------ INFORMATION GIVEN

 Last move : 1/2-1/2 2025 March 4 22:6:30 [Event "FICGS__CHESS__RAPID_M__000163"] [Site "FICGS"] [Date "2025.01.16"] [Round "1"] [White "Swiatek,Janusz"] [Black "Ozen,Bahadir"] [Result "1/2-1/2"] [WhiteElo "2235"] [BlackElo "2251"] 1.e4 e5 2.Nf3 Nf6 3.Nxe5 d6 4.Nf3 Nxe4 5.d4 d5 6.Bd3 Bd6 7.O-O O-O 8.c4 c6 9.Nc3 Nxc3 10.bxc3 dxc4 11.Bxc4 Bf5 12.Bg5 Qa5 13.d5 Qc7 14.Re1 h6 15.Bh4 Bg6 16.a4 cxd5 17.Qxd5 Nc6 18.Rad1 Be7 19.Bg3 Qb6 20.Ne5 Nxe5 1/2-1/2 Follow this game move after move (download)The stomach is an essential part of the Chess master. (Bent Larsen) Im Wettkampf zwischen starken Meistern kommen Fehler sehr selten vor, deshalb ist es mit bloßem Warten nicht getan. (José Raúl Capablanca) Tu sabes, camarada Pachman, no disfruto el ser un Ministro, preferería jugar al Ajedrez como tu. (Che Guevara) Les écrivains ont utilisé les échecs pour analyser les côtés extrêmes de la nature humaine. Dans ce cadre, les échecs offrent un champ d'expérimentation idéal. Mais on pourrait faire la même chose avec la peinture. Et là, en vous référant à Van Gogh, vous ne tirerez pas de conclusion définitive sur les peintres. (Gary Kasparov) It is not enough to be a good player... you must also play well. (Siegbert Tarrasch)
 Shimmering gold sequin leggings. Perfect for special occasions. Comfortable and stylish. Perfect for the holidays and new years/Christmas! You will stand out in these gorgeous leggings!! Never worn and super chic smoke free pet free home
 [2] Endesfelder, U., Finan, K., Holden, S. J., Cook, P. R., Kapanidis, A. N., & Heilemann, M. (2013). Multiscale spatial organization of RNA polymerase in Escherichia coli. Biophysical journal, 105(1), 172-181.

------------
------ INFORMATION GIVEN

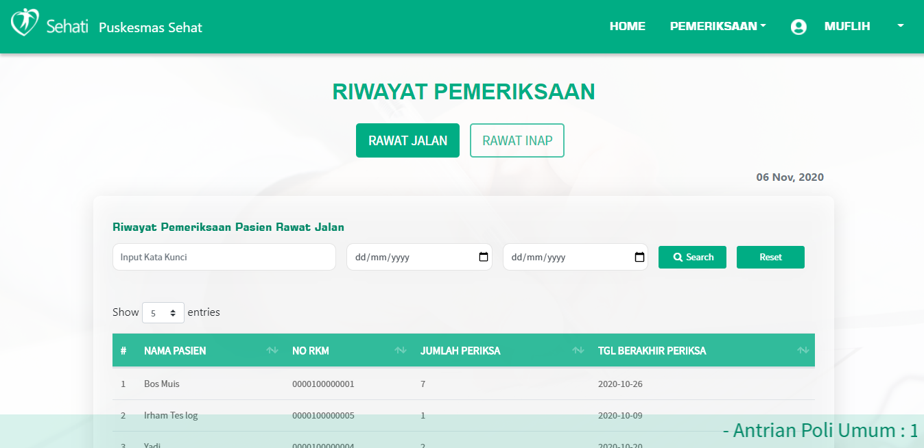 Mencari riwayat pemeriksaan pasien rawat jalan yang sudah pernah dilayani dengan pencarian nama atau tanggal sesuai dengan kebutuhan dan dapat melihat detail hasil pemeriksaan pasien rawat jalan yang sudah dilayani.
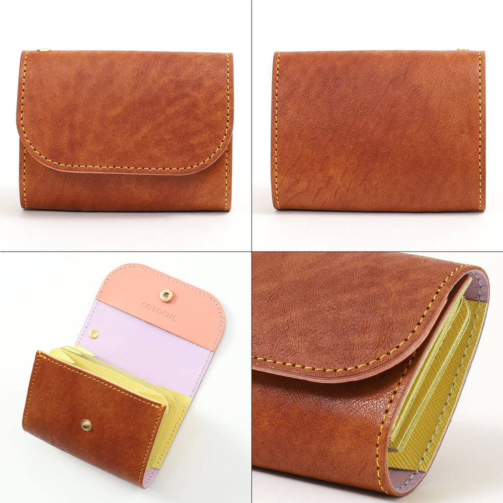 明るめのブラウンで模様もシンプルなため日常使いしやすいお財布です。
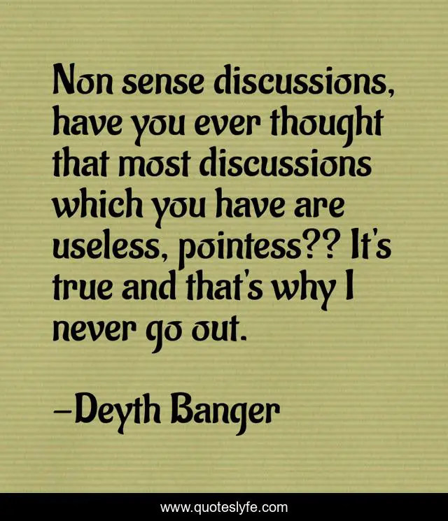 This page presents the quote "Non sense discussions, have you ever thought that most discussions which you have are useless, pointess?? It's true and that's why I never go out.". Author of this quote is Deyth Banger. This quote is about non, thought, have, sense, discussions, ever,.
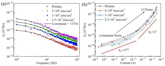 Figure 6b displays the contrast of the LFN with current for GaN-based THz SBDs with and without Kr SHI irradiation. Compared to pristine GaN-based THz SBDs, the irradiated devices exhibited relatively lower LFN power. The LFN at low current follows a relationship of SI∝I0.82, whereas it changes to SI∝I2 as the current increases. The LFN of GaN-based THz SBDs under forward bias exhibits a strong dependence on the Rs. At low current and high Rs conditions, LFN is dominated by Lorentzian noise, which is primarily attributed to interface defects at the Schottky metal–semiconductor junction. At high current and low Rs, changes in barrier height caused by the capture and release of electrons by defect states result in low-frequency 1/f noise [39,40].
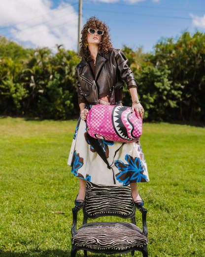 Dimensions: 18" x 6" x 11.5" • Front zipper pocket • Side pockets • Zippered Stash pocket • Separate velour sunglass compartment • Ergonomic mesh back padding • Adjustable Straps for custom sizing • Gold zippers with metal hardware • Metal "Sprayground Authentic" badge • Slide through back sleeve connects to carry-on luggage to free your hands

------------

→ **YOUR TASK**
Look through the material above. Transcribe exactly the lines between the ones with "Mencari riwayat pemeriksaan" and "明るめのブラウンで模様もシンプルなため日常使いしやすいお財布です。", inclusive, and keep pictures out.

→ **TASK ANSWER**
 Mencari riwayat pemeriksaan pasien rawat jalan yang sudah pernah dilayani dengan pencarian nama atau tanggal sesuai dengan kebutuhan dan dapat melihat detail hasil pemeriksaan pasien rawat jalan yang sudah dilayani.
 明るめのブラウンで模様もシンプルなため日常使いしやすいお財布です。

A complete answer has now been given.